Ross King, Rainer Schmidt, AIT Austrian Institute of Technology GmbH

Christoph Becker, Technical University of Vienna

Sven Schlarb, Austrian National Library


h3. Introduction

The fact that the volume of digital content worldwide is increasing geometrically demands that preservation activities become more scalable. The economics of long-term storage and access demand that they become more automated. The present state of the art fails to address the need for scalable automated solutions for tasks like the characterization or migration of very large collections. Standard tools break down when faced with very large or complex digital objects; standard workflows break down when faced with a very large number of objects or heterogeneous collections. And yet, the collections at European memory institutions are growing larger every day - many of which are already in the Petabyte range. In short, digital preservation is becoming an application area Big Data.

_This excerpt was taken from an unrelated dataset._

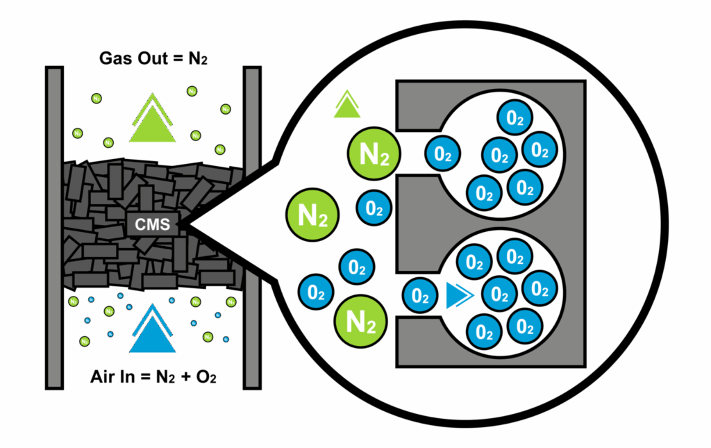 The Pressure Swing Adsorption (PSA) technology is used to separate Nitrogen from Oxygen. This technology relies on two Carbon Molecular Sieve (CMS) columns to produce high-purity Nitrogen from compressed air. The process works as follows:

The EU FP7 ICT Project SCAPE (Scalable Preservation Environments), running since February 2011, was initiated in order to address some of these Big Data problems. In particular, data analysis and scientific workflow management play an important role.

h3. Testbeds

The Testbeds validate results of the SCAPE project in three different application areas: Digital Repositories from the library community, Web Content from the web archiving community, and Research Data Sets from the scientific community. The Testbeds provide a description of issues that different internal or external institutions are currently facing with a special focus on large scale data sets that imply a real challenge for solutions to scale up. Solutions that are going to be evaluated by the Testbeds comprise single tool solutions, like tools for data format migration, analysis and identification or quality assurance tools, to complex solutions like the SCAPE Platform or Planning and Watch services. The Testbeds create an implementation of the scenarios and ensure the evaluation of results by creating executable, software-based workflows on the basis of the workflow design and execution workbench Taverna that make use of the different kinds of tools and services created by the project. Complex and single tool solutions are evaluated against defined institutional data sets in order to gain knowledge about their applicability in real life institutional application scenarios, like data repository ingest workflows or data archive maintenance, for example.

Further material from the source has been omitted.